いつばれた!?なんであのヤリ○ン野郎にお腹のこの子達ごと捨てられたって知ってるんだ!!私は一度も話してないし、街の連中に至っては"ソフィア・リーシェライト"の指名手配についても心当たりがなかったのに何故なんだ!?どこのどいつだよ、密告したカスは!

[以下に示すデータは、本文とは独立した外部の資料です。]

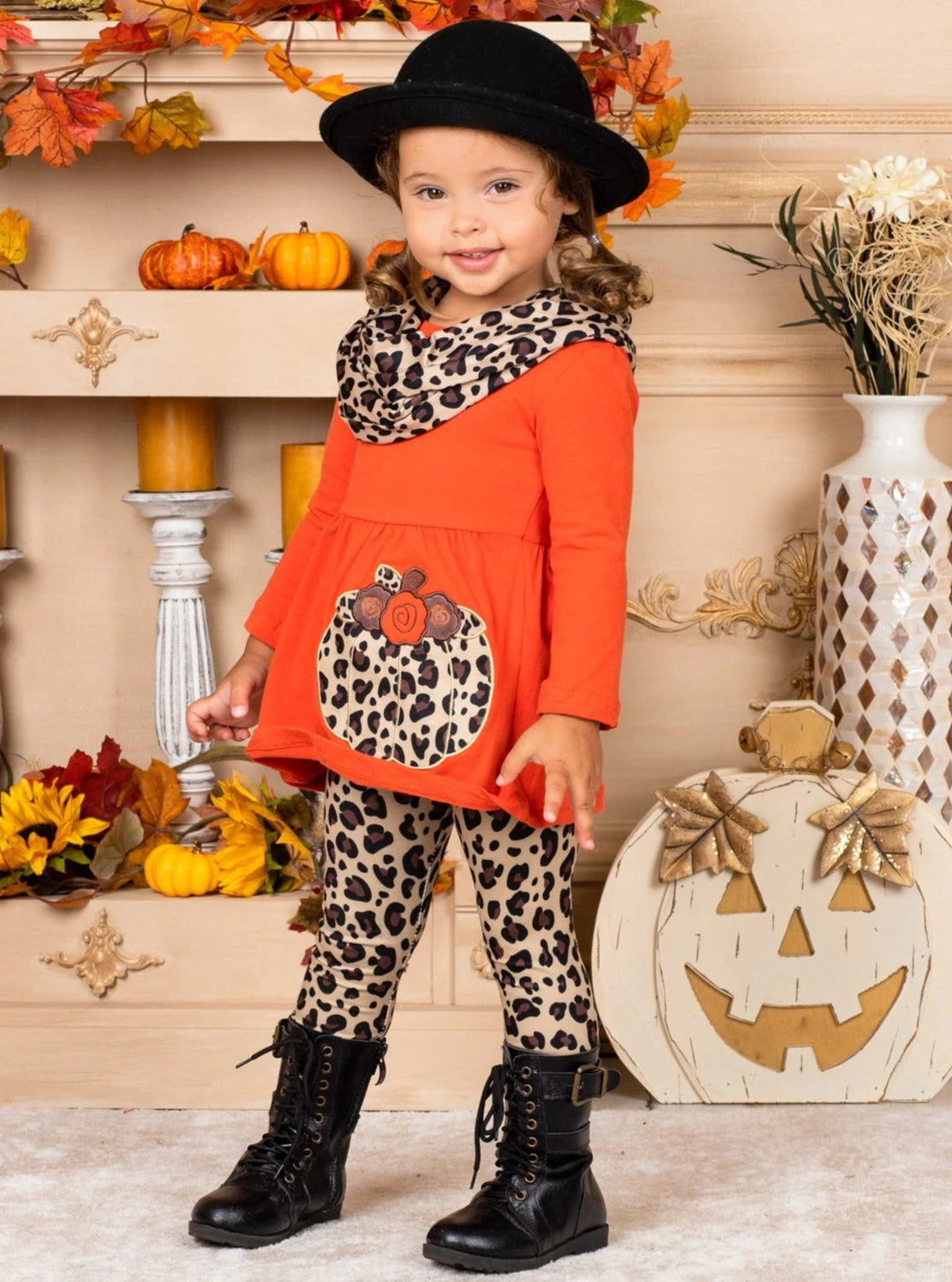 - When it comes to Fall fashion, even the pumpkins are wild! Love the way your little girl looks this harvest season wearing our pumpkin tunic, animal print legging, and scarf set.

「お家にあったお母さんの日記でね…、全部分かっちゃったんだ。今までお母さんが私たちに隠してくれたこと……」





―――――原因俺かよ。






「あんなエンディミオンなんかいなくても母さんさえいてくれれば僕らは寂しくないから!」

「だからお母さん、ずっと私達と一緒にいてね!」


―――ああ、子供達は残酷な真実を知ってなお歪むことなく逆に私に気を使って真実を知ってからも私の嘘(…なのか?)についてとやかく言わないでいてくれた。本当に子供は親の知らないところで成長するものなのね……。



ま、それはともかく。

「それで氷の魔法で二人は何が出来るの?さっきのドラゴン戦では氷の超強化壁を作ったらしいけど」

「う~~ん…。ここ何年かは使うのが嫌でやってなかったけど水を凍らせたり…あと母さんが教えてくれた空気中の"すいじょうき"を集めてこうやって……氷の槍を作ったりとかかなぁ?」


説明しながらリオンは目を閉じてうーんと唸ると右手に長さ1m程の氷の槍が形成されて握られていた。本当に便利だな魔法。修行すれば冷凍ビームとかエターナルフォースなんちゃらが使えるようになるのかしら?


「そういえばアリシアは氷の剣が作れたのよね?」

「うん!見ててね………っ出来た!」

今度はアリシアが私の袖を引っ張りながらリオンと同じように目を閉じて集中すると氷の剣が5本ほど空中にフワフワ浮いて出現した。


――――これは!


「アリシア、こう手を前にかざして手に収まる形で剣を出現させてくれない?」

「?うん、いいよ。――――っ!」

アリシアが集中すると同時にその両手にはそれぞれ氷の剣が握られていた。

「おおおおお!!リアル某紅茶さんじゃん!氷の壁が作れるのは確定だからアレは問題ないし…アリシア、剣って今のところ同時に何本作り出せる?」

「え…?ええ?大体10本くらいだと思うけど…」

「なるほど…では修行次第では某連続掃射も…夢じゃない!ふふふふはははは!」


「何か僕らの魔法が母さんの玩具になってる気がするけど気のせいかなアリシア?」

「お兄ちゃん、お母さんのあの目は本気だと思うよ?正直今まで黙っていて良かったのかもしれないね。そして私にはあの優しい顔がどうやったら一瞬にして邪悪な顔に変わるかが不思議でならないのだけど…」


「時間制御にリオンの槍とアリシアの剣の一斉掃射があれば…千の軍も敵じゃねぇ!ふははははははは!!世界よ、貴様は我らリーシェライト一族の手に落ちたも同然だーーー!はははははははは!!」



「「……はぁ…これさえなければ完璧なのになぁ…」」



母の邪悪な笑い声と子供たちの呆れたため息は戦場の中に響き渡り、炎と共に消えていった。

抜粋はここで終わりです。